I'm reading "Practical Electronics" by Ralph Morrison. On p.99, he shows an Emitter-Follower circuit. See attached image for my rendition of it -- both voltage sources are 25V; the resistors are 10k and 2.7k; the transistor has Beta=100. The resistor is supposed to be a 2N3904 (NPN) transistor, although I used the simulator's default NPN transistor. (The graph shows the output voltage, according to the simulator. The "V=-862.05mV" refers to the simulator's calculation of voltage at Base of the transistor.)

Here is what he says: "Assume there is no input signal connected. The emitter current is about 10mA. It is determined by the emitter resistor and the minus power supply voltage. If the Beta of the transistor is 100, the base current is 100uA. This current flows in the 10kOhm resistor and the base voltage rises to 1V. This means that the emitter voltage is actually about 0.4V."

I do not understand why "the base voltage rises to 1V". By my calculations, it should be about -0.860V, which is reasonably close to the -0.862V that I found with the simulator. Specifically,
(0-v_Base)/10k = i_Base = (1/101)*[(v_Base - 0.7)-(-25)]/2.7k
This gives v_Base = -24.3/28.27 = -0.860V

What am I missing? (Is it possible that the author mistakenly concluded that the Base goes to 1V rather than -1V?)

 

I think the math works more like this:

25v/2.7k=9.593mA

9.593mA/100(beta)=92.593uA

92.593uA*10k=.92593V

But, I believe you're correct regarding the sign. Just switch the probes on the meter around and you'll have -v

 

I think the math works more like this:

25v/2.7k=9.593mA

9.593mA/100(beta)=92.593uA

92.593uA*10k=.92593V

But, I believe you're correct regarding the sign. Just switch the probes on the meter around and you'll have -v

Actually, his math is correct. Yours is approximate.

 

I'm a student, so I'm trying to get this straight. I still can't see how I was off so much. I just realized I used 100 instead of 101, but that still doesn't lead me to .8. I've attached my solution using the original math. I still come up with roughly my original answer. Any help would be great.

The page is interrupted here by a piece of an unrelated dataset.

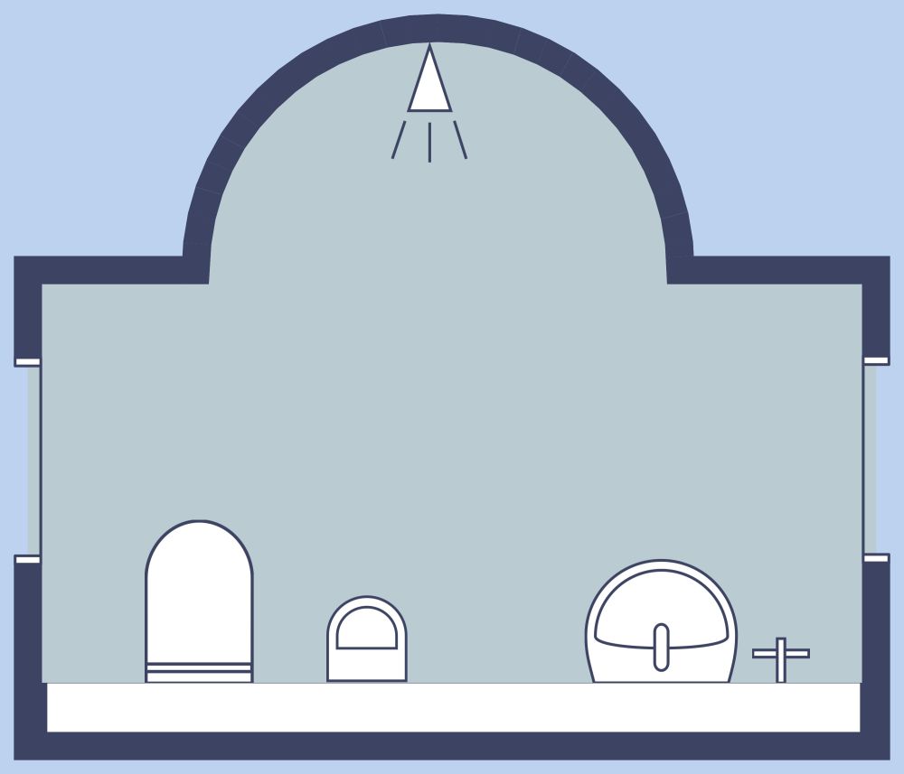 Sehen Sie sich die mediterranen Design-Ideen in diesem wunderschönen Badezimmer mit blauen Wandfliesen und zwei Türen an. Auf jeder Seite des Grundrisses bieten zweiflügelige Jalousietüren Privatsphäre und ein frisches, strandiges Flair. Im Inneren des Raumes befinden sich ein Waschbecken, eine Toilette, ein wandmontiertes Urinal und ein geräumiger Duschbereich. Eine Halbwand hinter Waschbecken und Toilette bietet eine praktische Ablage für Seifen und Badzubehör. Der Marmorfußboden sorgt ebenso wie die goldenen Wasserhähne und Armaturen für ein gehobenes Erscheinungsbild. Kurven sind der Design-Trend der Stunde, und dieses Bad ist ein Musterbeispiel dafür. Im Mittelpunkt steht die atemberaubend geschwungene Duschwand mit ihren blauen Fliesen, die in einem Fischgrätenmuster verlegt sind. Weitere geschwungene Elemente sind das runde Waschbecken, der ovale Spiegel und die Pendelleuchte. Insgesamt ein schönes Design, das an das Blau und Weiß der griechischen Inseln erinnert.

Vb/10k=1/101*([(Vb-0.7)-(-25)])/2.7k

Vb/10k=((Vb+24.3))/272.7k

272.2kVb=10kVb+243K

262.2kVb=243K

Vb=0.92677

 

I'm a student, so I'm trying to get this straight. I still can't see how I was off so much. I just realized I used 100 instead of 101, but that still doesn't lead me to .8. I've attached my solution using the original math. I still come up with roughly my original answer. Any help would be great.

Vb/10k=1/101*([(Vb-0.7)-(-25)])/2.7k

Vb/10k=((Vb+24.3))/272.7k

272.2kVb=10kVb+243K

262.2kVb=243K

Vb=0.92677

You missed a minus sign:

Ib= - Vb/10k

 

Why do you have a negative Vb on one side and not the other?

 

Why do you have a negative Vb on one side and not the other?

On the left side:
Base current is defined as flowing into the base.
Ib=(0-Vb)/Rb

On the right side:
Ie=(Ve-(-25V))/Re
Ve=Vb-0.7
Ib=Ie/101
Therefore,
Ib=(Vb-0.7-(-25))/(101*Re)

We have 2 equations for Ib. Setting them equal to each other,

-Vb/Rb=(Vb+24.3)/(101*Re)
cross-multiplying,
-101VbRe=VbRb+24.3Rb
Vb(Rb+101Re)=-24.3Rb
Vb=-24.3Rb/(Rb+101Re)
Rb=10k, Re=2.7k
Vb=-860mV

 

Got it...I forgot about the 0-Vb. Thanks!